* **TASK STATEMENT**
From the records below, please repeat exactly the line that has "Шторы комплект в", the line that has "アマゾン/大工や建築関連の職人を対象とした「プロ工具ストア」", and every line between them, and nothing else.

* **PROVIDED INFORMATION**
################

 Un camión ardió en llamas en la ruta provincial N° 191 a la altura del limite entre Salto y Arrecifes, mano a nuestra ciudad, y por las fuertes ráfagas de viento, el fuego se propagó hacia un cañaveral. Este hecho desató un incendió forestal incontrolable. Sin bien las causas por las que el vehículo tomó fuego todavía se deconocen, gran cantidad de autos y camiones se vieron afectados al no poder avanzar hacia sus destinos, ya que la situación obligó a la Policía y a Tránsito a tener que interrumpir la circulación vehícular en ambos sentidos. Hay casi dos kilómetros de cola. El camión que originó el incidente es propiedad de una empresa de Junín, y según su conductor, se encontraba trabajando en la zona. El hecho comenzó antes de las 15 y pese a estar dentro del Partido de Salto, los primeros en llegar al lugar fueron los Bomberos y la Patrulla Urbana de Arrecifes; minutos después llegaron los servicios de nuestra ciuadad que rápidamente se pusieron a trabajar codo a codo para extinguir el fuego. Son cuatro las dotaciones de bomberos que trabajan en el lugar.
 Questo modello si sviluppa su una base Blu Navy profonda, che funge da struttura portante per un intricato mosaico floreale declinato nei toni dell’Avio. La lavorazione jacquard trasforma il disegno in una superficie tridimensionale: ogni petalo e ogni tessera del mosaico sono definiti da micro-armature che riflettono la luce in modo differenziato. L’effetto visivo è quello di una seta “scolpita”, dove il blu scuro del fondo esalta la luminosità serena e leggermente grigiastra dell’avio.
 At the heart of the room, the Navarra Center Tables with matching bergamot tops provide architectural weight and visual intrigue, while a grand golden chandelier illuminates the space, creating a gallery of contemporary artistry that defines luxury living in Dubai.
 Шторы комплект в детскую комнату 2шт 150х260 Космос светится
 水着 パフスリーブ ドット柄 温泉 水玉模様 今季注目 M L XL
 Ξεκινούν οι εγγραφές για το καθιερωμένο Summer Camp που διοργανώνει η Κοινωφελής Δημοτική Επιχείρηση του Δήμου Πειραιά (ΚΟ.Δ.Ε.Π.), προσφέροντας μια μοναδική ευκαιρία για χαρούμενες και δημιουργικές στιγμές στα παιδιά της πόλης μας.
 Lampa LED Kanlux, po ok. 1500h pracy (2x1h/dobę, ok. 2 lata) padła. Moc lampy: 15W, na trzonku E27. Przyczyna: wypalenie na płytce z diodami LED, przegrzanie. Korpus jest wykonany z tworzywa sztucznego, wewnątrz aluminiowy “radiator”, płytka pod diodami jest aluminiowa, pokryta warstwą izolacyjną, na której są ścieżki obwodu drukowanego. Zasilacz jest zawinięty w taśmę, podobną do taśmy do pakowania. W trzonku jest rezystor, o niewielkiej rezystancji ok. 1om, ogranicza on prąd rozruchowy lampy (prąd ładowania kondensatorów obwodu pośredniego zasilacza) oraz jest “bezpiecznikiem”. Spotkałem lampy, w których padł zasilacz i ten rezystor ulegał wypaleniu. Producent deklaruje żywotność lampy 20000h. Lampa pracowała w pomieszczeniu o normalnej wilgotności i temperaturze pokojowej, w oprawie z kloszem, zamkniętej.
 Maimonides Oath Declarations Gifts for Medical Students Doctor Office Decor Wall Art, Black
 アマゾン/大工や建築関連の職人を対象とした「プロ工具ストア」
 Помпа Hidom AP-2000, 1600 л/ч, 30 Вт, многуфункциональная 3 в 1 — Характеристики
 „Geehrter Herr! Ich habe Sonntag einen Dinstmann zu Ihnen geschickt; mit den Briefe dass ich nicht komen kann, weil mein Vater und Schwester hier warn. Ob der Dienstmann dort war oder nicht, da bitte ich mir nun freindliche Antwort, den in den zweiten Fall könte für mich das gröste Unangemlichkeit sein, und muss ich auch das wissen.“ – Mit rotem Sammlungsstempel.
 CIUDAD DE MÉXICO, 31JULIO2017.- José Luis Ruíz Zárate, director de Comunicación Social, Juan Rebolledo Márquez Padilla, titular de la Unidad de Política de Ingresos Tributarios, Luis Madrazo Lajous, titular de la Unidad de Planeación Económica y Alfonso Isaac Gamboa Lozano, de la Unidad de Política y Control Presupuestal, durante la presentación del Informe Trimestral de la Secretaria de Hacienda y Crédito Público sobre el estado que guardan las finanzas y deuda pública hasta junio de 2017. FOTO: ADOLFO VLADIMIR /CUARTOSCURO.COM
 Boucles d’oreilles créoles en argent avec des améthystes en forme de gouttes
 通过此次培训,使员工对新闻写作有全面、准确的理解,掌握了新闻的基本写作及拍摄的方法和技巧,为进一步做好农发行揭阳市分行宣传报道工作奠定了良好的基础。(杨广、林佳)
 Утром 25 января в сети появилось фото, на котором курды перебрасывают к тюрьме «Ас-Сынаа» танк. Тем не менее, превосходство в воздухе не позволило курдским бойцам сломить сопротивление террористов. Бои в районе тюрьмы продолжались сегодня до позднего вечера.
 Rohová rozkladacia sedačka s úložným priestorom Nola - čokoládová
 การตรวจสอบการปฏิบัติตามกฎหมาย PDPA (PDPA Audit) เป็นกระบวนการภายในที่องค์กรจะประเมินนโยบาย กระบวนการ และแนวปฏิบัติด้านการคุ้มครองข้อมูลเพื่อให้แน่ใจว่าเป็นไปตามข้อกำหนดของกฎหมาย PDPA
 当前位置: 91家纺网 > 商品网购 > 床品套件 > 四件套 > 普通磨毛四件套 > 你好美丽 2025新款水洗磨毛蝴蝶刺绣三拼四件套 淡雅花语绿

################

* **TASK ANSWER**
 Шторы комплект в детскую комнату 2шт 150х260 Космос светится
 水着 パフスリーブ ドット柄 温泉 水玉模様 今季注目 M L XL
 Ξεκινούν οι εγγραφές για το καθιερωμένο Summer Camp που διοργανώνει η Κοινωφελής Δημοτική Επιχείρηση του Δήμου Πειραιά (ΚΟ.Δ.Ε.Π.), προσφέροντας μια μοναδική ευκαιρία για χαρούμενες και δημιουργικές στιγμές στα παιδιά της πόλης μας.
 Lampa LED Kanlux, po ok. 1500h pracy (2x1h/dobę, ok. 2 lata) padła. Moc lampy: 15W, na trzonku E27. Przyczyna: wypalenie na płytce z diodami LED, przegrzanie. Korpus jest wykonany z tworzywa sztucznego, wewnątrz aluminiowy “radiator”, płytka pod diodami jest aluminiowa, pokryta warstwą izolacyjną, na której są ścieżki obwodu drukowanego. Zasilacz jest zawinięty w taśmę, podobną do taśmy do pakowania. W trzonku jest rezystor, o niewielkiej rezystancji ok. 1om, ogranicza on prąd rozruchowy lampy (prąd ładowania kondensatorów obwodu pośredniego zasilacza) oraz jest “bezpiecznikiem”. Spotkałem lampy, w których padł zasilacz i ten rezystor ulegał wypaleniu. Producent deklaruje żywotność lampy 20000h. Lampa pracowała w pomieszczeniu o normalnej wilgotności i temperaturze pokojowej, w oprawie z kloszem, zamkniętej.
 Maimonides Oath Declarations Gifts for Medical Students Doctor Office Decor Wall Art, Black
 アマゾン/大工や建築関連の職人を対象とした「プロ工具ストア」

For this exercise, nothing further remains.